No credible opposition to Trump
The caucuses in Iowa have confirmed the real estate magnate’s enormous power and the narrowing opportunities to prevent his nomination
The prospect that Donald Trump could be the Republican Party’s candidate for U.S. president for the third time became disturbingly real on Monday at the first meeting of the party’s rank-and-file. At the Iowa caucuses, held in the midst of a cold and snowy storm, 51% supported the real estate magnate to take on President Joe Biden at the November elections. Trump had a 30-point lead over the second-placed candidate and more votes than all his rivals combined. No less than half of Iowa’s Republican delegates think that an extreme and uncouth man — who has demonstrated an obvious contempt for the democratic system to the point of being accused of encouraging a coup, and who, at 77 years of age, exhibits an unabashed lack of personal and political decorum — best represents the country they want.
Iowa is a small state (three million inhabitants), rural and white, with a style of conservatism dominated by the evangelical right, so it cannot be taken as an indicator of the preferences of American voters today. Except for sitting presidents, the winner of the Iowa caucuses has not won the Republican nomination for 20 years. The state has just 40 delegates of the more than 2,400 who will vote for the presidential candidate at the Republican convention in Milwaukee in August. But, as a first test, a good performance in Iowa allows Trump to present himself to the rest of the country as a credible candidate. And right now there is no credible alternative to Trump.
Florida Governor Ron DeSantis and former South Carolina governor Nikki Haley received 21% and 19% of the vote, respectively. Before Super Tuesday on March 5 — when the majority of delegates are awarded — they will have three more opportunities to demonstrate their pull with different voter profiles, as the race goes to New Hampshire, South Carolina, and Nevada.

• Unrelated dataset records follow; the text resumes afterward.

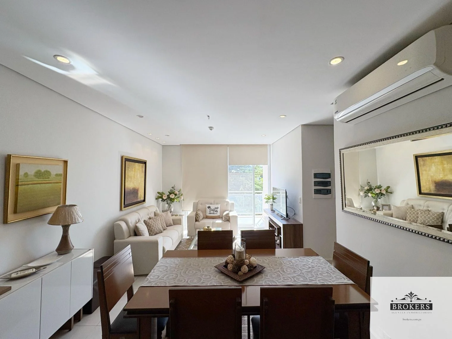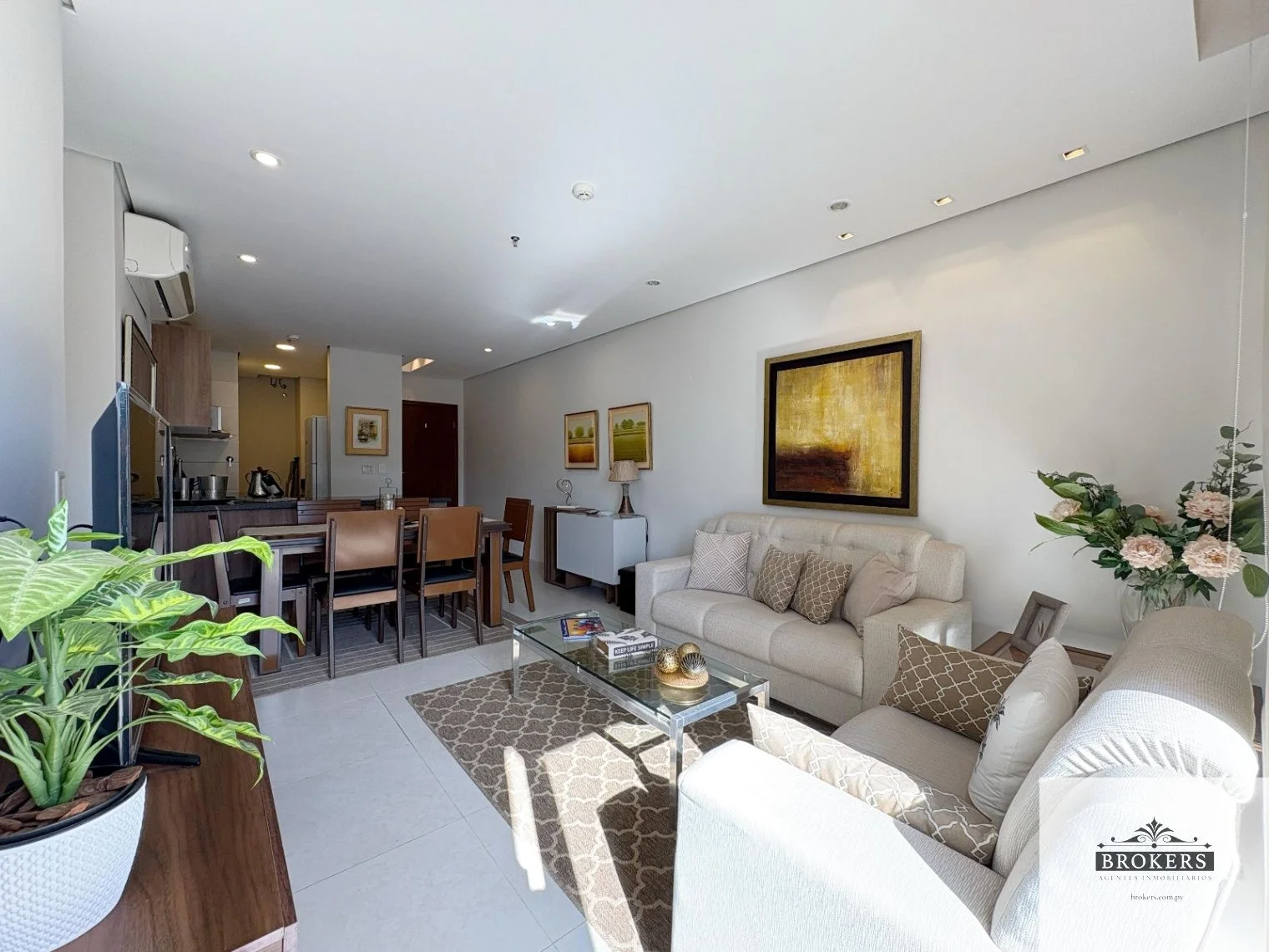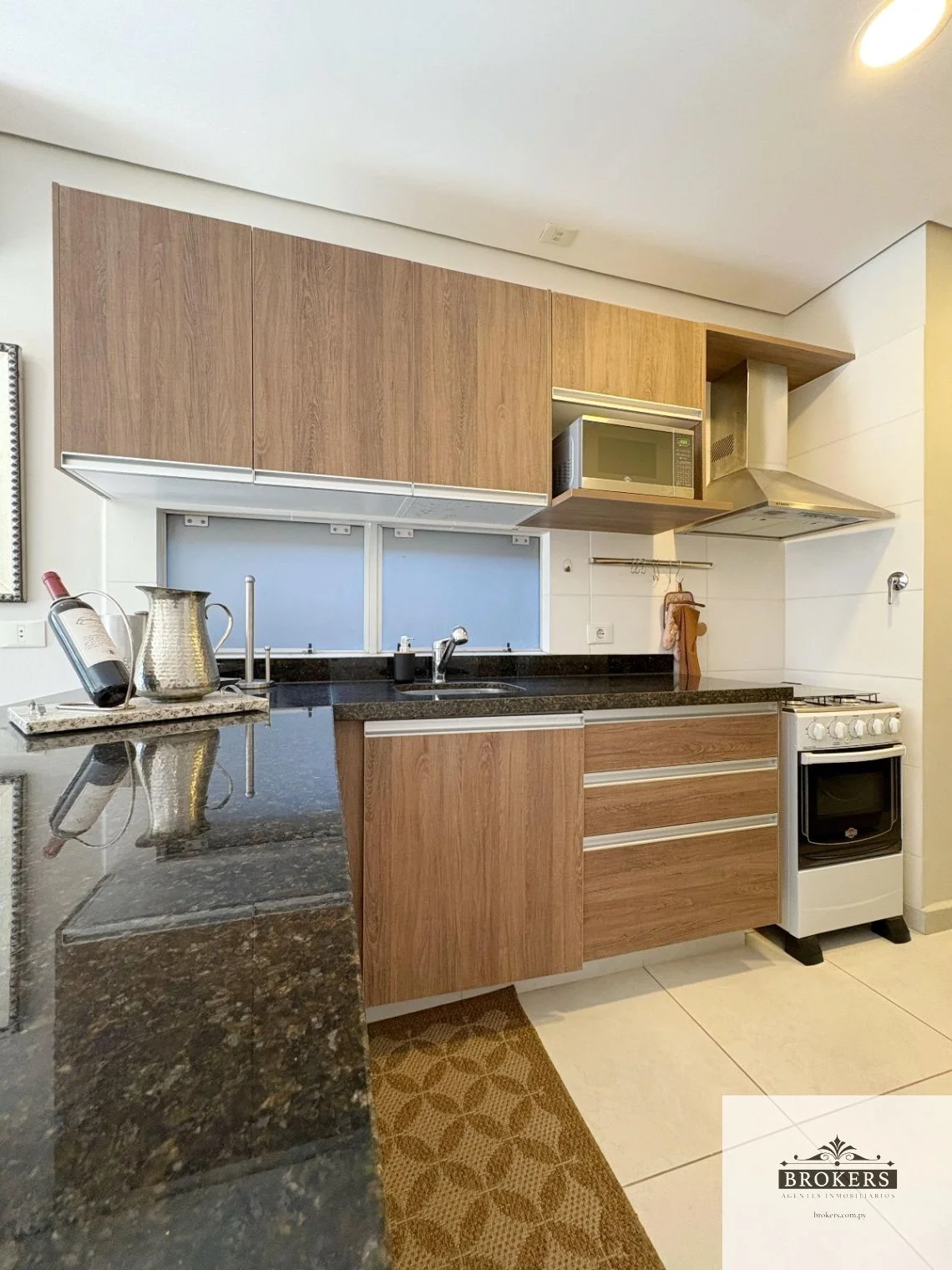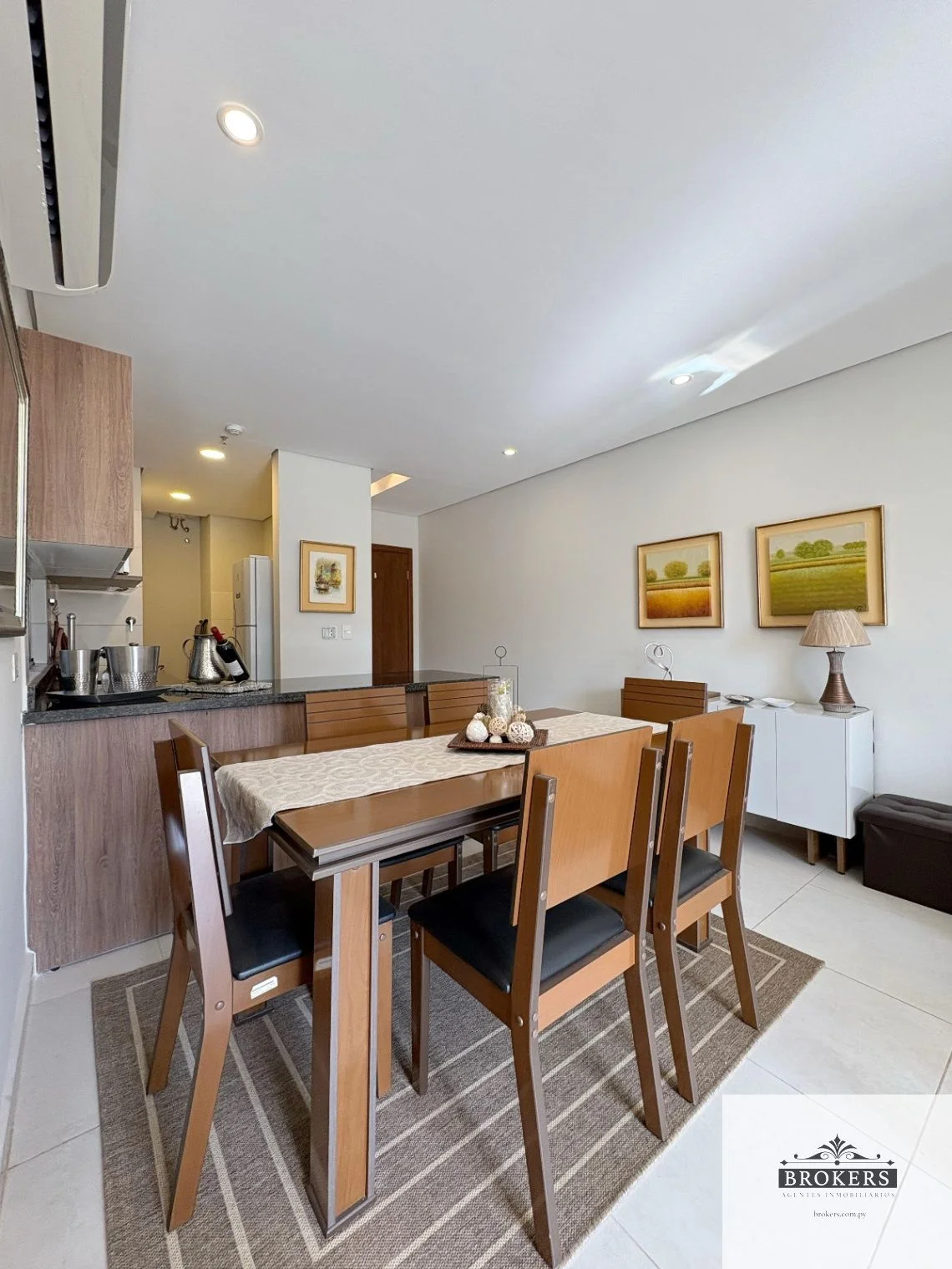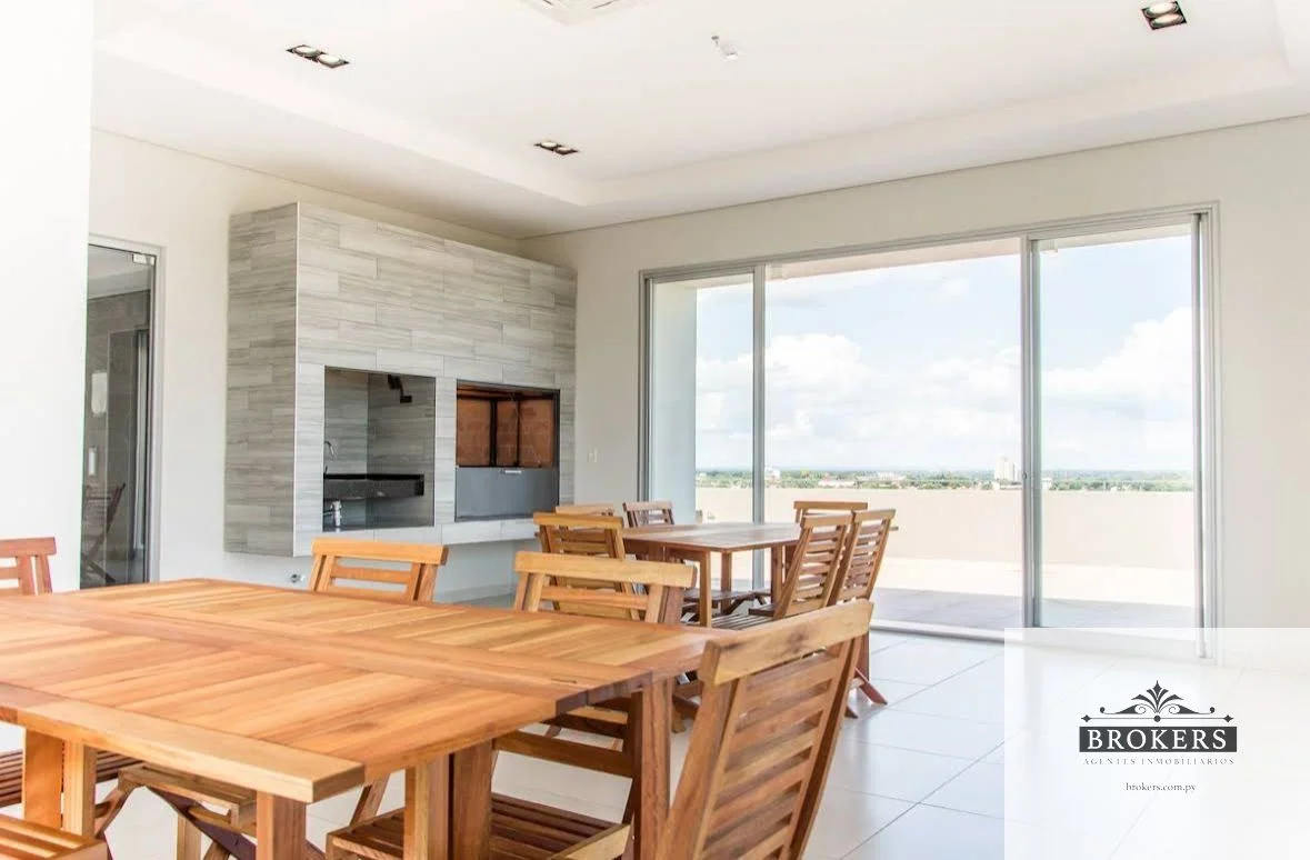 Living-comedor, Cocina integrada, Balcón con parrilla, 1 baño social, 2 dormitorios (1 suite), 1 baño familiar, 1 cochera.
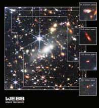 In questo numero di 128 pagine - come è tradizione nei mesi di agosto e settembre – Cesare Guaita continua, come in un romanzo a puntate, a seguire le gesta del James Webb Space Telescope. Dopo averci presentato, nei mesi scorsi, le scoperte e ettuate nel Sistema solare e tra gli esopianeti, ora ci proietta ai con ni dell’Universo, proprio là da dove era iniziata, un anno fa, la dimostrazione della potenza del Webb con quella foto dell’ammasso di galassie Smacs 0723 presentata in diretta dalla Casa Bianca dal presidente Biden e dall’amministratore delegato della Nasa Bill Nelson. Come si legge nell’articolo, sembra che spingendo lo sguardo n quasi alle porte del Big Bang, oltre che galassie relativamente piccole e poco produttive in termini di formazione stellare – come è lecito attendersi da galassie tanto giovani – il Webb stia scoprendo anche galassie più strutturate, solo di poco successive alle precedenti, non compatibili con la forma e la massa delle galassiette primordiali, nemmeno se la loro evoluzione fosse avvenuta in maniera iper-accelerata. Un bel grattacapo, la cui soluzione potrebbe chiamare in causa la “materia oscura”.
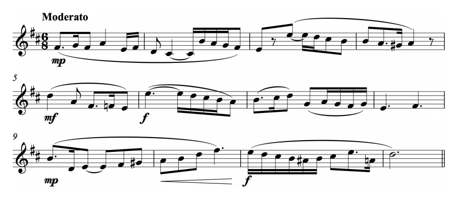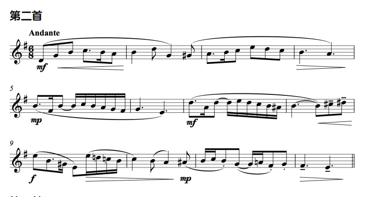 二声部旋律:两个升、降号以内的自然、和声、旋律大、小调式或民族调式。

But only the consolidation of a single candidacy against Trump can threaten the former president’s lead. The lesson of 2016, when the division of a stunned party handed Trump the nomination, should be bitter enough to prompt a response. Fanciful prophecies and triumphalist stories will not do. It is a moment for reflection and urgency. Trump is a danger to democracy, even more so today, since his only motivation is revenge and evading the justice system, as four pending criminal cases could land him in jail. Neither DeSantis nor Haley are moderates, quite the contrary, but they do not pose the same anti-establishment threat to the United States or the West that Trump does.
The half of the Republican Party that does not want Trump must get past the discouraging polls and unite around an alternative. Trump obtained three million fewer votes than Hillary Clinton in 2016. His electoral power has always been very fragile. Most moderate voters reject him, which led to three tough electoral defeats for the Republicans, in 2018, 2020 and 2022. As a result, American conservatism has seen its political influence in Washington reduced to the whims of a group of hotheads, who make it impossible to form a successful opposition to Biden. No satisfaction can be gained from witnessing the North American right implode before Trump for the third time, because whether he wins or loses, he is dragging the world’s first democracy into the abyss. There are opportunities to stop it, but the point of no return is in a matter of weeks.